RSS
Логотип
Баннер в шапке 1
Баннер в шапке 2

AIRI: OmniFusion Multimodal Language Model

Product
The name of the base system (platform): Artificial intelligence (AI, Artificial intelligence, AI)
Developers: Institute of Artificial Intelligence (AIRI)
Date of the premiere of the system: 2024/04/17
Technology: Speech technology

2024: Introduction of OmniFusion 1.1

The AI Research Institute (AIRI) in April 2024 presented an open version of the OmniFusion model - OmniFusion 1.1. A technical report with an article by the model has already come out on top in the Daily trending papers section on HuggingFace. For April 2024, open source for training and weight are available for use and can be applied, among other things, in the development of commercial products.

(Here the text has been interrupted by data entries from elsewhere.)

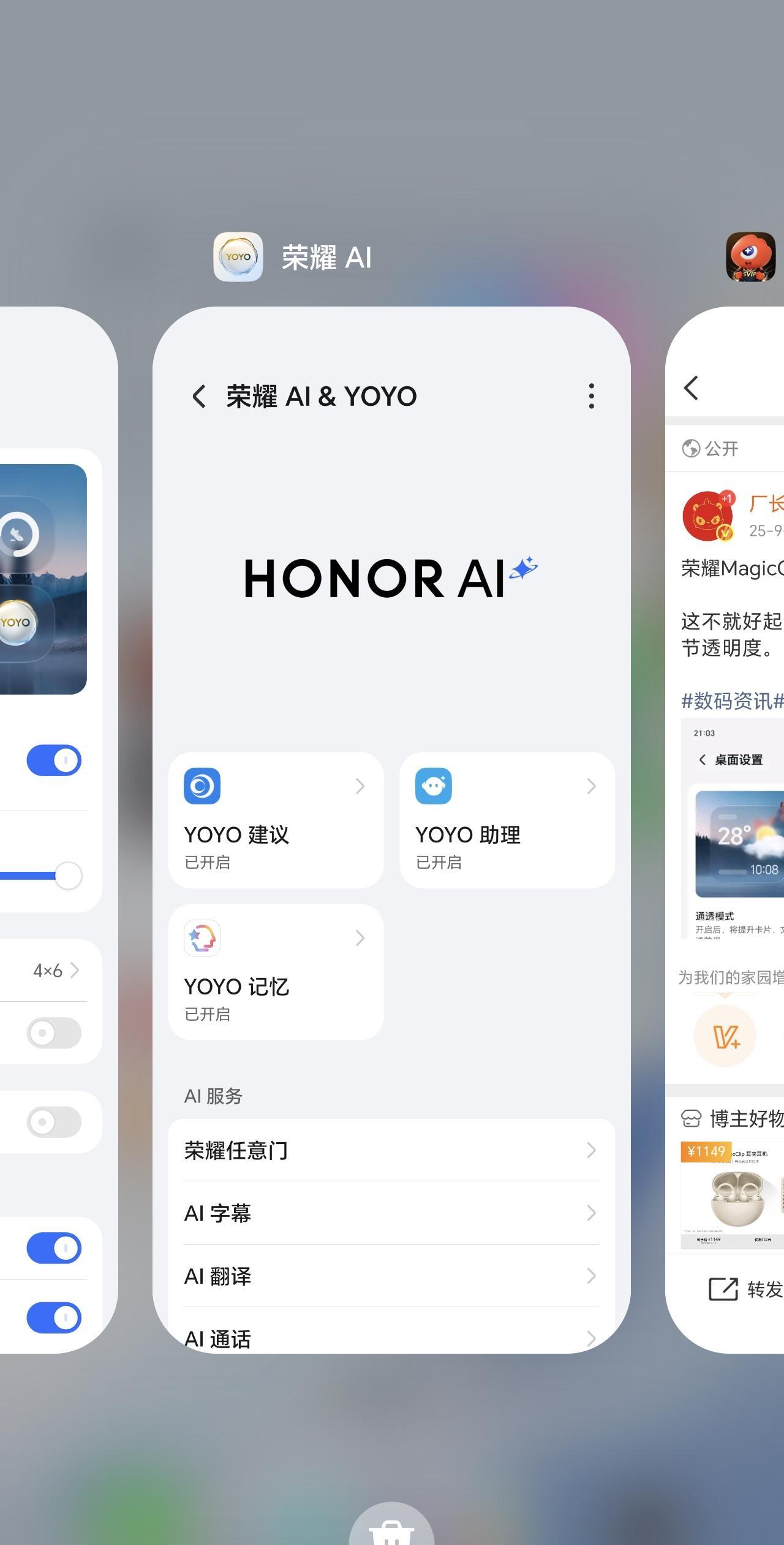 荣耀Magic7系列优先更新的MagicOS10.0后台多任务堆叠 给你们截
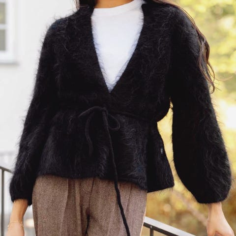 ella&il Cardigan i blå farge, størrelse XL for dame. Cardiganen har en myk tekstur og er utstyrt med belte i midjen for justerbar passform.
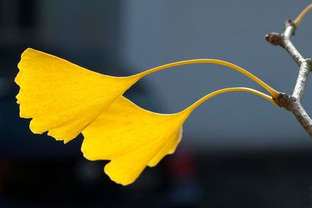 Yellow leaves of kinkgo biloba on a dark background. autumn backgrounds. Aging themes. alternative medicine.

OmniFusion is an advanced multimodal AI model designed to expand the capabilities of traditional language processing systems by integrating additional modalities, data such as images, and in the future - audio, 3D- and. video content

As of mid-April 2024, the model recognizes and describes images. With its help, you can explain what is depicted in the photo, find out the recipe for preparing a dish from a photo of the ingredients, analyze the map of the room or find out how to assemble the device from a photo of its individual parts. The model is also able to recognize text and solve problems.

As of April 10, 2024, the model can analyze the medical image and indicate some kind of problem on it. Of course, in order for such a model to help make diagnoses, it must be additionally trained at specialized datacets with the involvement of experts from medicine. Each expert is a professor of medicine or surgery with ongoing practice, a Board of Directors certificate and impeccable credentials. In the event that the training is through information from search engines, the result may be harmful to future users of the AI model.

The architecture of the model is based on the technique of combining a previously trained large language model and its "eyes" - visual encoders that allow you to encode information in an image into a numerical vector called embedding. OmniFusion is trained by the FusionBrain scientific group from AIRI with the participation of scientists from Sber AI and SberDevices[1] of [2].